Where Horror And Art Meet: ‘Darkwood’
Filed inside: GamesThe atmosphere was already oppressive when I reached the house. It was dark, but I’m fairly certain it was only because of the nearby trees. Most of the windows were barricaded, and there was no apparent door just inside the collapsed fence. I spied an entrance between the detached garage and the rest of the dilapidated house, the causeway was blocked just past the door by a rusty dismantled tractor.
It was locked, but I’d fashioned a rudimentary lockpick with some solid wires I’d found in a crate in that strange house I awoke in two days ago. It was dark inside, shafts of light were all the permeated the planks on the windows. A tub was filled with murky water in the entryway, and the door to the next room was smashed. I searched the shelves and drawers, but found little more than a few old bottles and some rags, though I was able to salvage some usable nails in the kitchen.
Then I saw the door: the only one intact in the whole place. I tried the knob—locked. A voice leapt from the gap under the door—a swift gasp, followed by a trembling query, “Who’s there?”
I said nothing.
“I’m not coming out until that creature in the garage is dead.” I looked at the axe I’d found in the woods near that log pile. The handle was cracked, the head was dull, it was clearly on its last leg. I dropped my pack and retrieved a sturdy plank from inside, forcing some nails through to make a crude weapon, and ventured into dark, unlit garage. Heavy breathing could be heard behind the old farming equipment, the quiet skittering of something harder than skin across the ground was apparent. It was too dark to see anything, I only heard the guttural howl before whatever it was latched onto my arm. I hit it with my plank, then again. A third hit did it in, it fell to the ground, silent and still.
My arm pulsed painfully, my clothes were soaked in blood and other fluids. My flashlight had just enough battery left to illuminate a mass of matted fur in front of a large device—a generator. I switched it on, ignoring the chiding words it said to me as it did so.
Interactions like these are common in Darkwood, an atmospheric horror game with many rogulike tendencies. The devs over at Acid Wizard Studios have created something that, while I have been following and been interested in it for over a year now, ended up going far beyond my expectations of it, delivering a truly engaging, oppressive, hostile, and unusually beautiful experience.
Atmosphere is one of the biggest keys to any horror experience. It’s a broad term, and can be interpreted in many ways, but one thing about Darkwood is absolutely clear: it’s got that atmosphere, in spades.
Pick any aspect of the game, it all contributes to that overall feeling of helplessness and fear.

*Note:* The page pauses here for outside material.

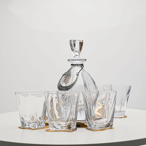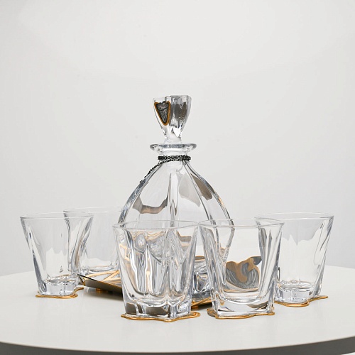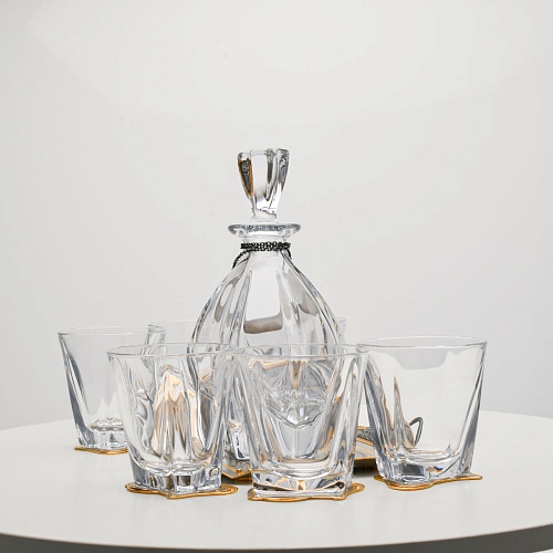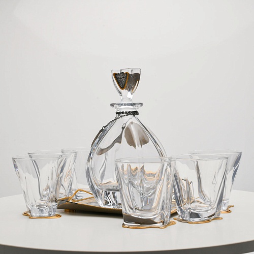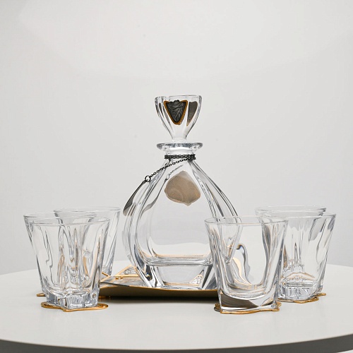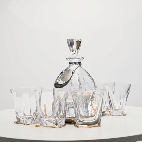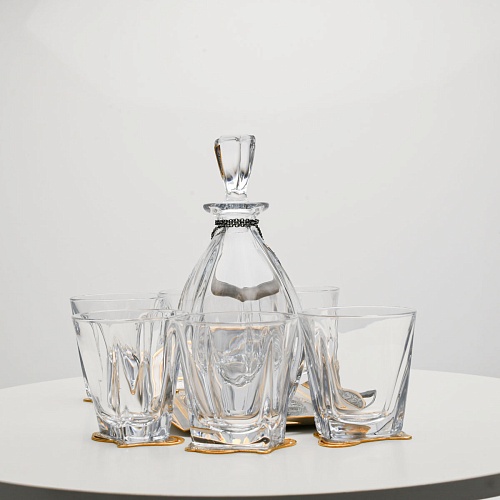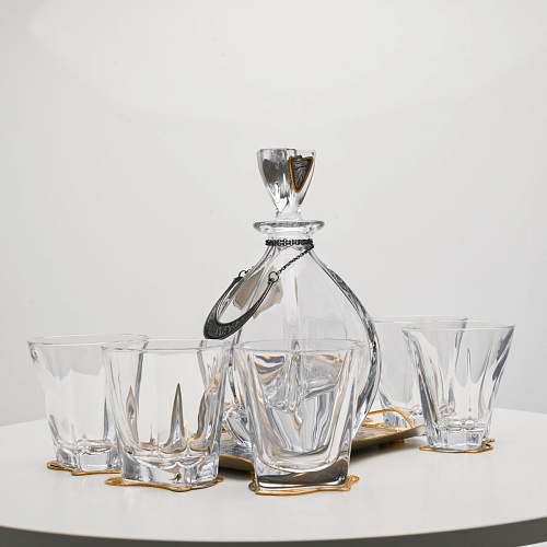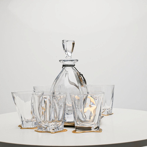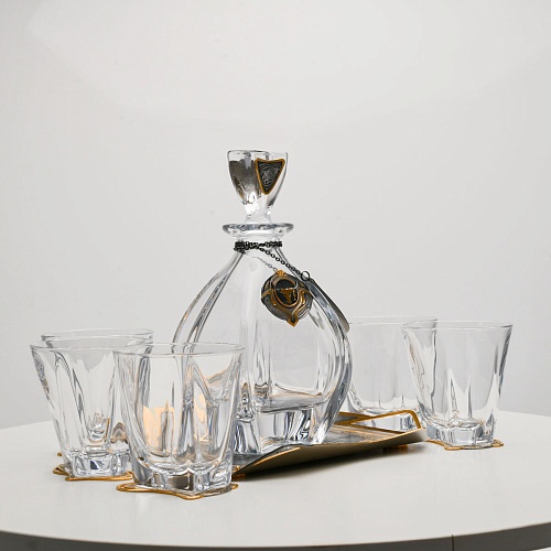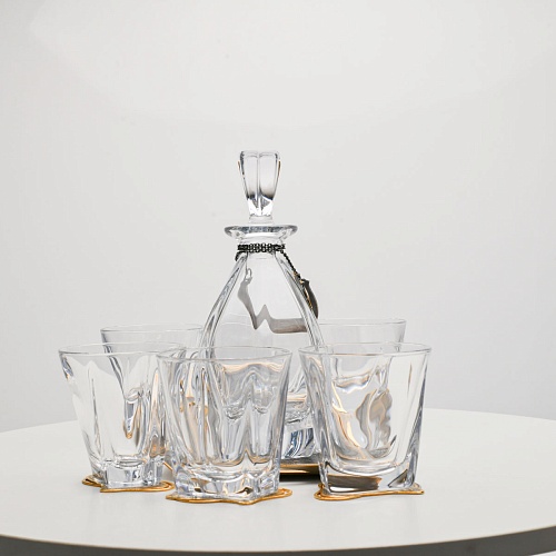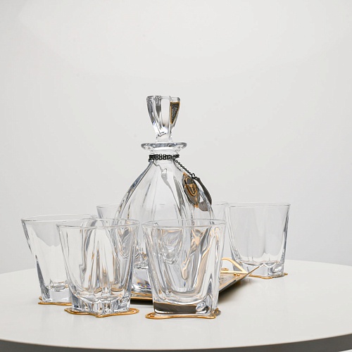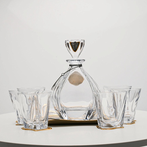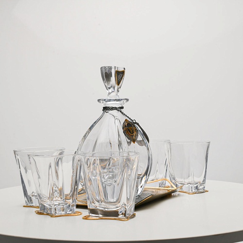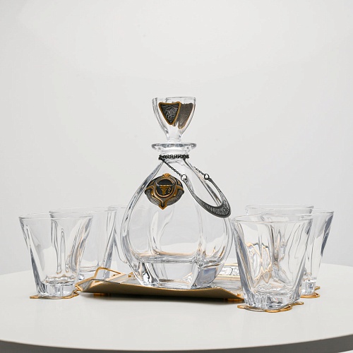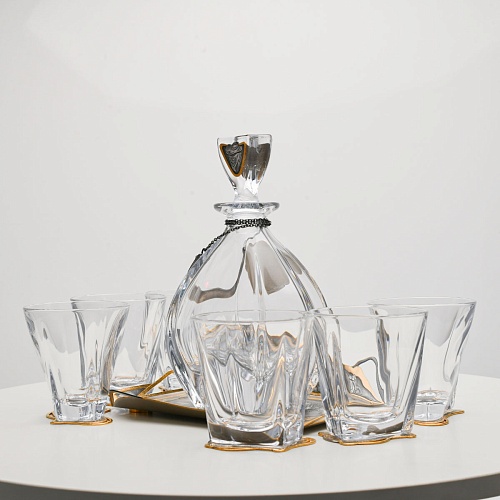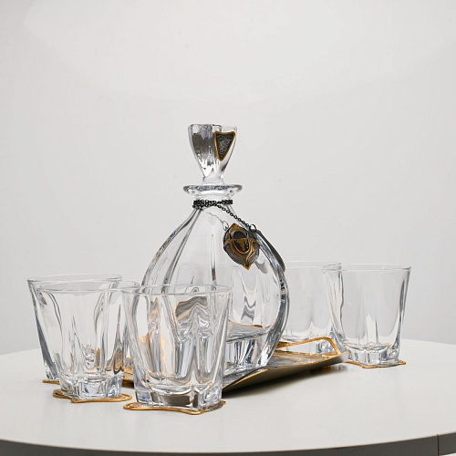 Несмотря на то, что весь набор выполнен из качественного стекла и желтого металла с долговечным золотым покрытием, он требует соблюдения правил по уходу. Бокалы и штоф нельзя мыть в посудомоечной машине. Не следует подвергать их длительному воздействию агрессивной среды (кислые жидкости, жесткая вода, абразивные материалы) и резким температурным перепадам. Мойте бокалы и штоф по отдельности в теплой воде, не применяя бытовую химию и грубые губки. Мокрую посуду не стоит оставлять сохнуть, ее надо аккуратно вытереть мягкой тканью (лучше из натуральных материалов).

The story is complex and ethereal. If you play through the prologue, you catch glimpses through one character’s eyes with mentions of a great plague that has killed many and created monsters out of others. You “live” in a strange forest that seems designed to contain you—move too far from a clearing, and your vision is obscured, the gaps between trees become too small to pass through, and strange, bloodthirsty beasts roam in search of prey. Eventually during this chapter, you stumble upon an unconscious man clutching a key, one that you seem to recognize as the key to “the next area” of the woods, and you drag the man to your hideout.
However, this does not appear to be the main character of the game, as you awake the next day as the wounded man in the woods, and eventually break out of what appears to be some kind of torture room built in a strange home. Eventually, you locate and are forced to kill your captor, and are left to try to negotiate the woods with little help.
The game is dark in a number of ways. Your vision is limited to a cone in front of you (you can “see” the environment behind you and to your sides in a washed-out black and white, but you won’t be able to see creatures or many objects unless you actively look at them), and if there isn’t sufficient light, you’ll rapidly find yourself unable to function in most ways. You can craft torches, or you might find a flashlight, but these are temporary solutions at best, and stationary lights like lamps require a running generator nearby (which needs fuel) and their light radii are mediocre at best.